# Complex number question

• May 25th 2010, 09:00 PM
Stroodle
Complex number question
Hi there, I'm having trouble with the following question. As usual, I'm probably missing something basic...

If $z=1+\sqrt{3}i$ is a solution to the equation $z^3-a=0,\ a\in\ c$ then the other two solutions are?
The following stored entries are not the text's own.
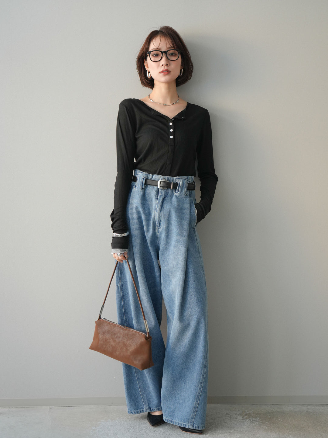 [SET]シアーリブバイカラーカーディガン+ハイウエストベルトループデザインデニムパンツ(2set)
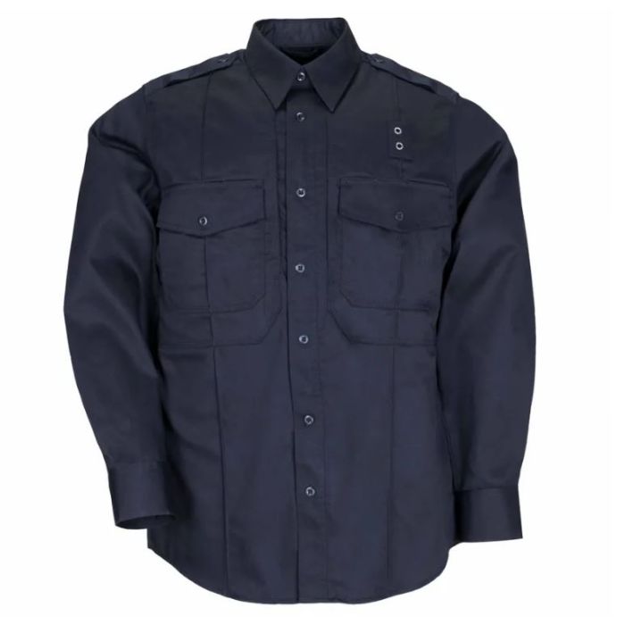 MN WOVEN SHIRT 65% POLYESTER 35% COTTON Engineered with input from operators in the field, the 5.11® PDU® Class B Long Sleeve Taclite® Shirt consistently exceeds the expectations of law enforcement officers around the world. Designed to stand up to consistent use in harsh duty environments, the Class B Long Sleeve Taclite PDU Shirt is crafted from our 4.4 oz. Taclite ripstop fabric for maximum durability and lightweight breathability in hot or humid environments. A Teflon® treatment maximizes resistance against stains, moisture, and soil, our patented 5.11 Hidden Document Pockets offer ample and covert storage, and a bi-swing shoulder design provides full mobility. Sewn-in military creases, improved colorfastness, and enhanced fade resistance ensure a crisp, professional appearance in any setting. Additional features include underarm vents to keep you cool and dry, an integrated badge tab, an epaulette kit, and pass-through mic cord access to keep you connected.
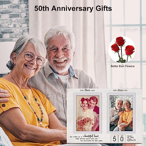 Just the Right Size – This this then & now 50th wedding anniversary picture frame is approximately 11.8×8.7 inches and holds two 4×6 inch photos. It’s ideal for displaying on a wall or placing on a table, and is not too big or too small. It’s the perfect way to celebrate your journey together and keep your precious memories alive for years to come
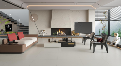 ??冠珠陶瓷依托強大的生產實力,推出了多款高還原度的天然石材紋理瓷磚。產品花色豐富,搭配靈活,尤其適合面積較大的客廳布局,能夠通過連紋設計實現無縫視覺延伸。
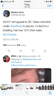 As Aaron Bady notes in his seminal and prescient essay, ‘World Without Walls’, we now live in a world in which privacy can no longer be thought of as something that was naturally protected by material barriers or distance. A post-9/11 security environment, combined with the reach of the internet, and sophisticated tools like predictive policing, have turned this notion of privacy inside out, and regulatory mechanisms either at the national or global level remain grossly inadequate for dealing with the challenges posed by this new state of affairs. Curiously and oddly, India’s attorney general, K.K. Venugopal, has used precisely the obsolete definition of privacy to defend the security of Aadhaar-related data in front of the Indian Supreme Court.
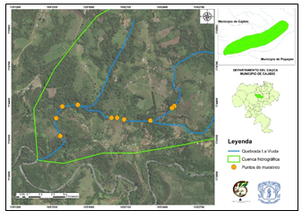 Figura 1. Ubicación de la zona de estudio en la vereda La Viuda municipio de Cajibío, en el Departamento del Cauca

I know one of them must be $z=1-\sqrt{3}i$ as the coefficient of $z^3$ is real. But I'm not sure how to find the last solution.
From the options (mc question) it seems that it's either $z=2$ or $z=-2$.

• May 25th 2010, 09:50 PM
Prove It
Quote:

Originally Posted by Stroodle
Hi there, I'm having trouble with the following question. As usual, I'm probably missing something basic...
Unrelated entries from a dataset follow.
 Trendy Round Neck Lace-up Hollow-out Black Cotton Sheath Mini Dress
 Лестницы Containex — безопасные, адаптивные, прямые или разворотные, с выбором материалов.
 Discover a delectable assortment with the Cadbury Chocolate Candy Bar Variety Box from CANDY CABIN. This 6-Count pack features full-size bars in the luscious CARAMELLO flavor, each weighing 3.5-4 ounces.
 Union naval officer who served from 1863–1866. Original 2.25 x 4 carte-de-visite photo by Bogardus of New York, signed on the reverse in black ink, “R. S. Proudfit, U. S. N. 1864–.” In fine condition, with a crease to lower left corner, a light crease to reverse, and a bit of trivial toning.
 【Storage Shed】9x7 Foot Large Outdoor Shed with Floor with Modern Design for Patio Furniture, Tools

If $z=1+\sqrt{3}i$ is a solution to the equation $z^3-a=0,\ a\in\ c$ then the other two solutions are?

I know one of them must be $z=1-\sqrt{3}i$ as the coefficient of $z^3$ is real. But I'm not sure how to find the last solution.
From the options (mc question) it seems that it's either $z=2$ or $z=-2$.

Complex solutions always appear as conjugates.

So if $z = 1 + \sqrt{3}i$ is a solution, so is $\overline{z} = 1 - \sqrt{3}i$.

That means $z - (1 + \sqrt{3}i)$ and $z - (1 - \sqrt{3}i)$ are both factors, and so is

$[z - (1 + \sqrt{3}i)][z - (1 - \sqrt{3}i)]$

$=z^2 - z(1 - \sqrt{3}i) - z(1 + \sqrt{3}i) + (1 - \sqrt{3}i)(1 + \sqrt{3}i)$

$= z^2 - z + \sqrt{3}iz - z - \sqrt{3}iz + 1 + 3$

$= z^2 - 2z + 4$.

Since $z^2 - 2z + 4$ is a factor, long divide $z^3 - a$ by $z^2 - 2z + 4$ and you will have the third factor. You should note that the third root will need to be real.

Once you have the third factor, you can find $a$.